*** Opening DATA ***

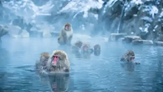 "지옥계곡"에서 야생 스노우 몽키가 온천에 몸을 담그는 독특한 장면을 가까이에서 관찰할 수 있어 생생하고 잊을 수 없는 경험을 선사합니다.
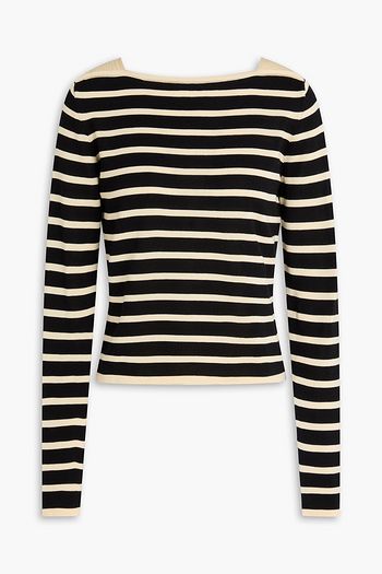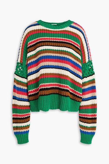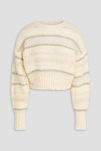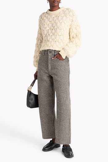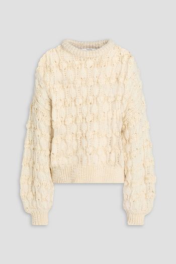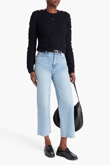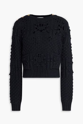 透かし編みニット カシミヤ混 セーター ラッフル&スパンコール付き
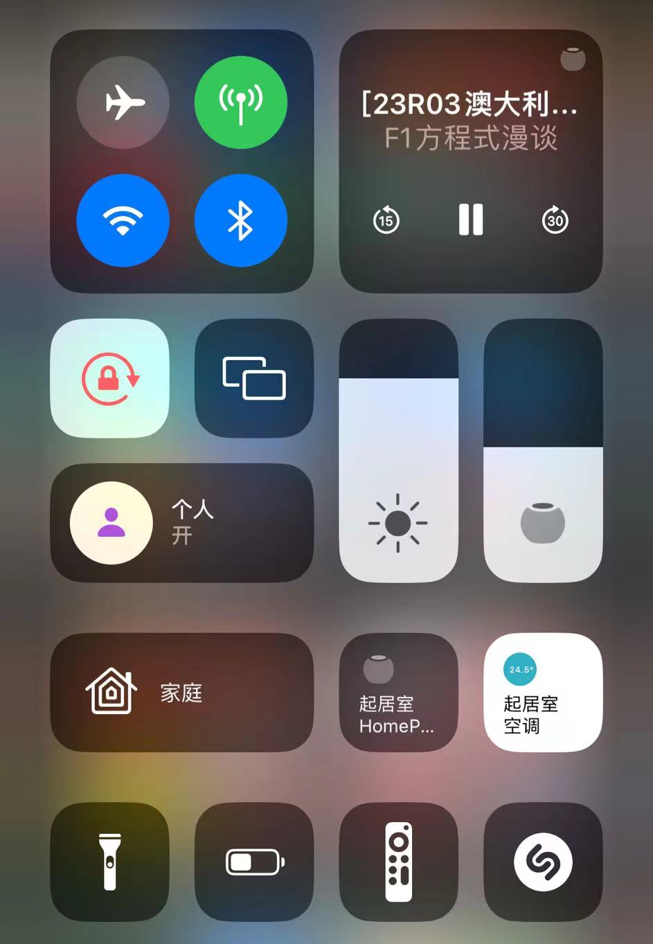 家庭中的空调组件可以直接点击切换状态,同时也可以长按打开弹窗进行控制;HomePod图标却只能打开弹窗控制,不能直接点击暂停;Apple TV遥控图标却会另外打开一个独立的App,连弹窗都没有。这种混乱的逻辑是Apple多年来忽视控制中心的直接后果,也是iOS 17中无法绕过的话题。

*** Closing DATA ***

[WORK ITEM]:
Please write out the whole listing exactly, but not the pictures in it.

[TASK RESULT]:
 "지옥계곡"에서 야생 스노우 몽키가 온천에 몸을 담그는 독특한 장면을 가까이에서 관찰할 수 있어 생생하고 잊을 수 없는 경험을 선사합니다.
 透かし編みニット カシミヤ混 セーター ラッフル&スパンコール付き
 家庭中的空调组件可以直接点击切换状态,同时也可以长按打开弹窗进行控制;HomePod图标却只能打开弹窗控制,不能直接点击暂停;Apple TV遥控图标却会另外打开一个独立的App,连弹窗都没有。这种混乱的逻辑是Apple多年来忽视控制中心的直接后果,也是iOS 17中无法绕过的话题。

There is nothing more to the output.